Mfene Xoli P, Pillay Basil J
Department of Psychology, Faculty of Applied Human Sciences, University of KwaZulu Natal, Pietermaritzburg, South Africa.
Department of Behavioural Medicine, Faculty of Nursing and Public Health, University of KwaZulu Natal, Durban, South Africa.
Health SA. 2024 Apr 12;29:2437. doi: 10.4102/hsag.v29i0.2437. eCollection 2024.
Dementia is one of the leading non-communicable causes of disability and mortality in older adults, with recent research showing that it is increasing in low-middle-income countries compared to high-income countries. As such, multidisciplinary efforts are needed to effectively reduce the prevalence and risk of dementia through quick screening, diagnosis, and management of those with dementia and those at risk.

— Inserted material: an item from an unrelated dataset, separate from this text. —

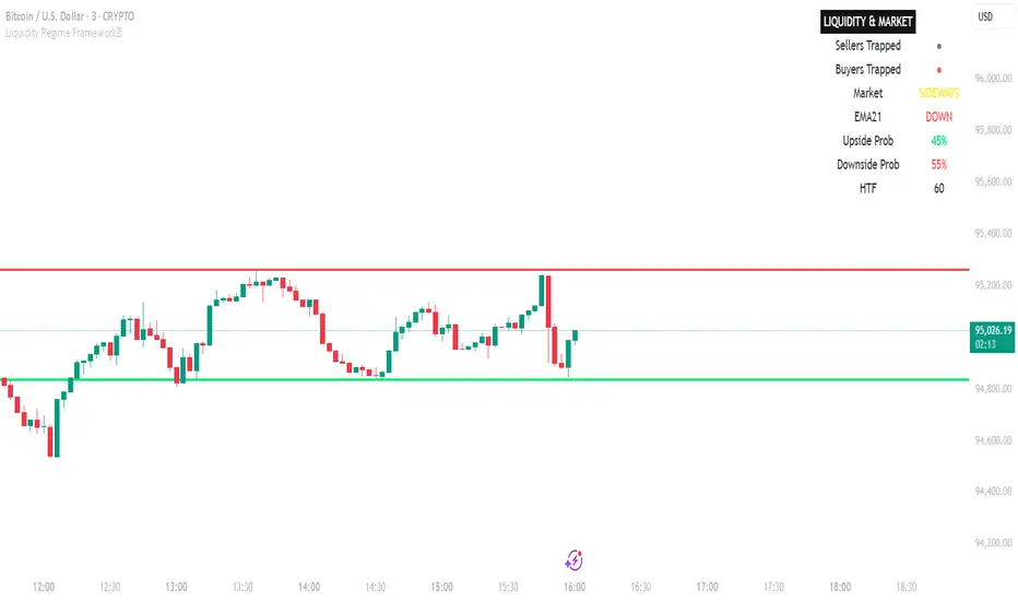 Liquidity Regime Framework™ is a professional market-structure and liquidity framework designed to help traders understand market context, not generate trade signals.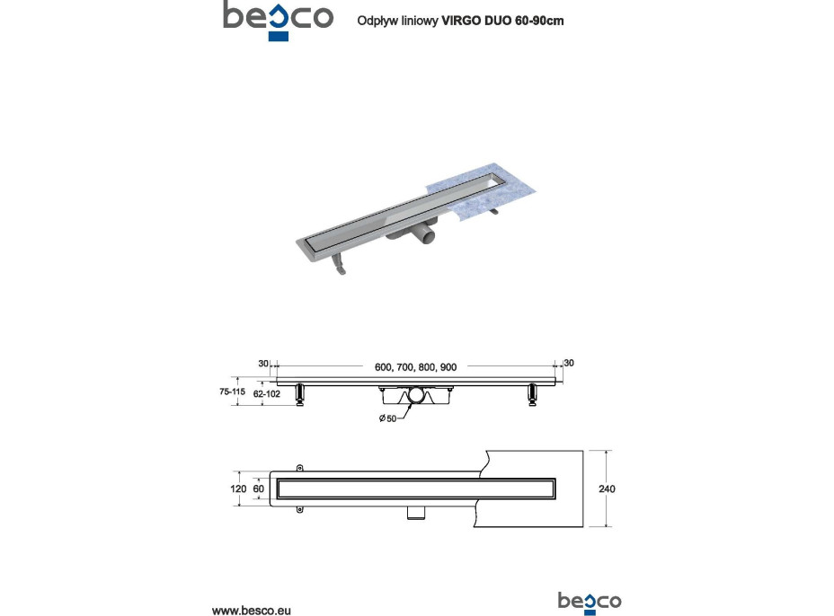 Odtokový žľab VIRGO DUO - 60: dĺžka roštu 60 cm, dĺžka žľabu 66 cm

The study's objectives were to estimate the prevalence of dementia and measure the sociodemographic and clinical risks in older adults in low socioeconomic communities.
The study was conducted among older adults aged ≥ 60 years from the iLembe district in South Africa.
This cross-sectional, one-phased, household study was conducted to screen for dementia over 8 months between October 2018 and October 2019. Demographic and clinical data were collected using a semi-structured questionnaire. In addition, the Mini-Mental Status Exam, Ascertain Dementia Eight-item questionnaire and Instrumental Activities of Daily Living Scale were administered to a multi-stage cluster sample of 320 participants to ascertain dementia prevalence. Frequencies and multivariate logistic regression were conducted to determine risk factors correlated with dementia.
The prevalence of dementia was 13.4%. Participants aged 80 years and above were 2.73 times more likely to develop dementia than participants younger than 80 years. Those with an education level of Grade 1-7 had a 69% less chance of developing dementia than those without formal education. Single participants showed an almost seven-fold increase in dementia. Lastly, depression increased the risk of dementia by two-fold.
Dementia was probable in over one-sixth of the sample. Dementia risk factors were both modifiable and non-modifiable.
Dementia prevalence in South Africa is increasing and therefore it is crucial to develop a dementia plan that is specific to the South African context which will include strategies for early identification of the disease, reducing modifiable risks and strategic management of dementia associated medical conditions such as depression and vascular diseases.
痴呆症是老年人致残和致死的主要非传染性病因之一,最近的研究表明,与高收入国家相比,中低收入国家的痴呆症发病率正在上升。因此,需要多学科努力,通过对痴呆症患者和高危人群进行快速筛查、诊断和管理,有效降低痴呆症的患病率和风险。
该研究的目的是估计低社会经济社区老年人痴呆症的患病率,并衡量其社会人口统计学和临床风险。
该研究在南非伊莱姆贝区60岁及以上的老年人中进行。
这项横断面、单阶段的家庭研究于2018年10月至2019年10月的8个月内进行,以筛查痴呆症。使用半结构化问卷收集人口统计学和临床数据。此外,对320名参与者的多阶段整群样本进行简易精神状态检查、痴呆症八项确诊问卷和日常生活活动能力量表测试,以确定痴呆症患病率。进行频率分析和多变量逻辑回归,以确定与痴呆症相关的风险因素。
痴呆症的患病率为13.4%。80岁及以上的参与者患痴呆症的可能性是80岁以下参与者的2.73倍。教育水平为1-7年级的参与者患痴呆症的可能性比未受过正规教育的参与者低69%。单身参与者患痴呆症的几率几乎增加了七倍。最后,抑郁症使患痴呆症的风险增加了两倍。
超过六分之一的样本可能患有痴呆症。痴呆症的风险因素既有可改变的,也有不可改变的。
南非痴呆症的患病率正在上升,因此制定一项针对南非情况的痴呆症计划至关重要,该计划将包括疾病早期识别策略、降低可改变的风险以及对与痴呆症相关的医疗状况(如抑郁症和血管疾病)进行战略管理。